◆ WHAT THIS TASK INVOLVES: Please return, exactly and only, the lines beginning at the top of the entries below and ending with the line containing "Un public nombreux"; keep out the pictures.

◆ INFORMATION GIVEN:

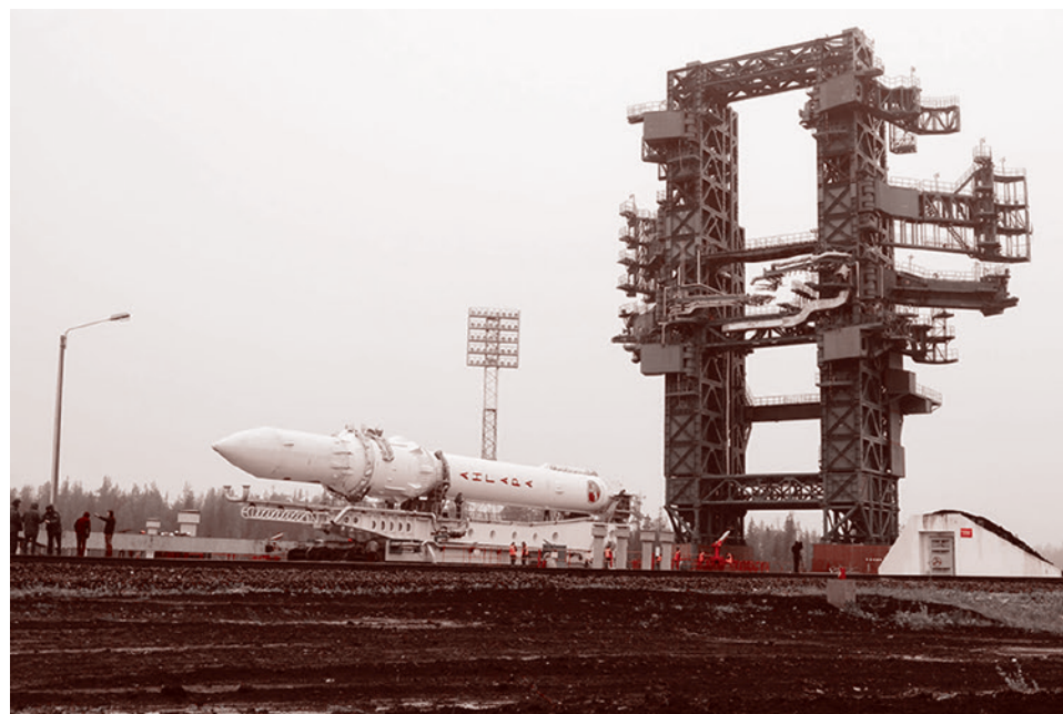
Стартовая площадка комплекса космодрома Плесецк

Решение нескольких стран Европы нарастить производство и поставку беспилотников Украине и ударов по территории России ведет к «резкой эскалации военно-политической обстановки на всем европейском континенте», заявила пресс-служба Минобороны России.
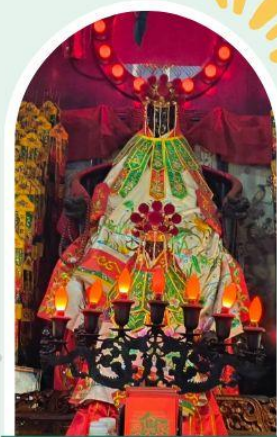
วัดเจ้าแม่กวนอิมองอ่า
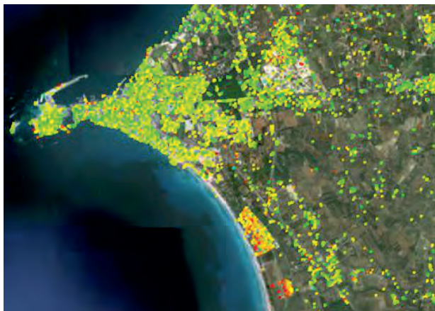
Fig. 6 - Mappa di velocità di deformazione a scala locale relativa alla città di Gallipoli (LE), ottenuta mediante elaborazione di immagini SAR ENVISAT acquisite in orbita ascendente (intervallo temporale: 2003-2010). - Ground deformation velocity map at local scale relevant to the urbanized area of Gallipoli (ENVISAT ascending dataset, time interval 2003-2010).
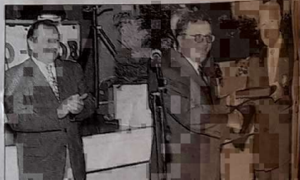
Un public nombreux et essentiellement familial
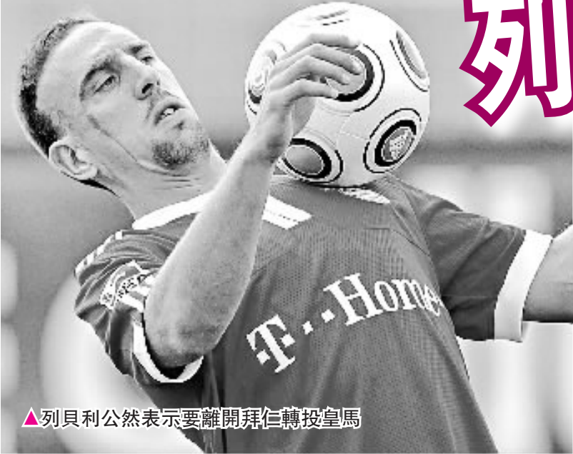
▲列貝利公然表示要離開拜仁轉投皇馬

比利時足總在官方聲明中稱，雙方已經正式簽署了合同，由於艾禾卡特與俄超勁旅的合同將在今
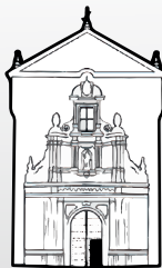
Iglesia de San Fco. y San Eulogio de la Axerquía
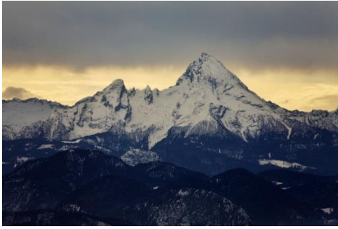
Slika 5: Watzmann
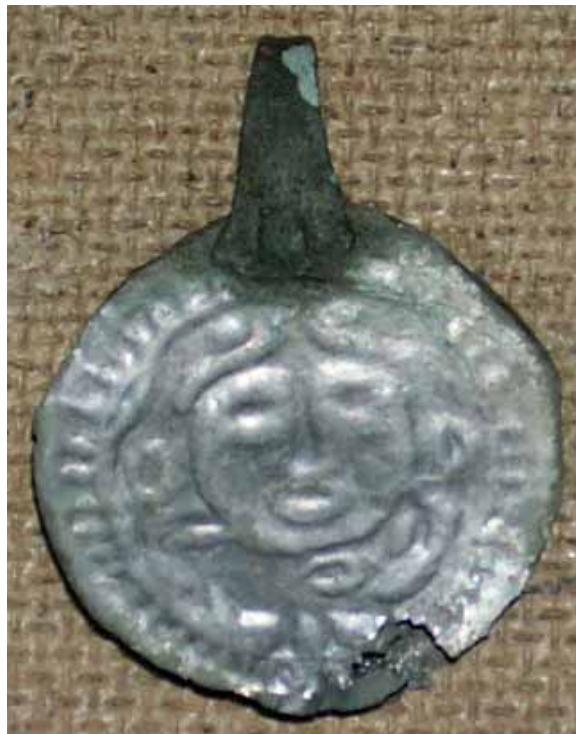
Личина в окружении человеко-лосей, серебро и бронза, VIII–IX вв., Запосельское поселение, МАЭ ПГПУ

2-й период – 1950-е годы – до современного момента – период активного интереса к исследованию пермского звериного стиля, для которого было свойственно восстановление некой преемственности с предыдущим этапом изучения и вместе с тем постановка новых задач в отношении культового литья. Для этого периода характерно появление научных исследовательских школ, в рамках которых ведется исследование пермского звериного стиля, складывается терминологический аппарат, «язык», которым описывается круг изучаемых явлений. Основной упор уже делается не на внешние атрибутивные признаки культового литья, а на извлечение смысла, внутреннего содержания как отдельных сюжетов и обра-

◆ SOLUTION TO THE EXERCISE:
Стартовая площадка комплекса космодрома Плесецк

Решение нескольких стран Европы нарастить производство и поставку беспилотников Украине и ударов по территории России ведет к «резкой эскалации военно-политической обстановки на всем европейском континенте», заявила пресс-служба Минобороны России.
วัดเจ้าแม่กวนอิมองอ่า
Fig. 6 - Mappa di velocità di deformazione a scala locale relativa alla città di Gallipoli (LE), ottenuta mediante elaborazione di immagini SAR ENVISAT acquisite in orbita ascendente (intervallo temporale: 2003-2010). - Ground deformation velocity map at local scale relevant to the urbanized area of Gallipoli (ENVISAT ascending dataset, time interval 2003-2010).
Un public nombreux et essentiellement familial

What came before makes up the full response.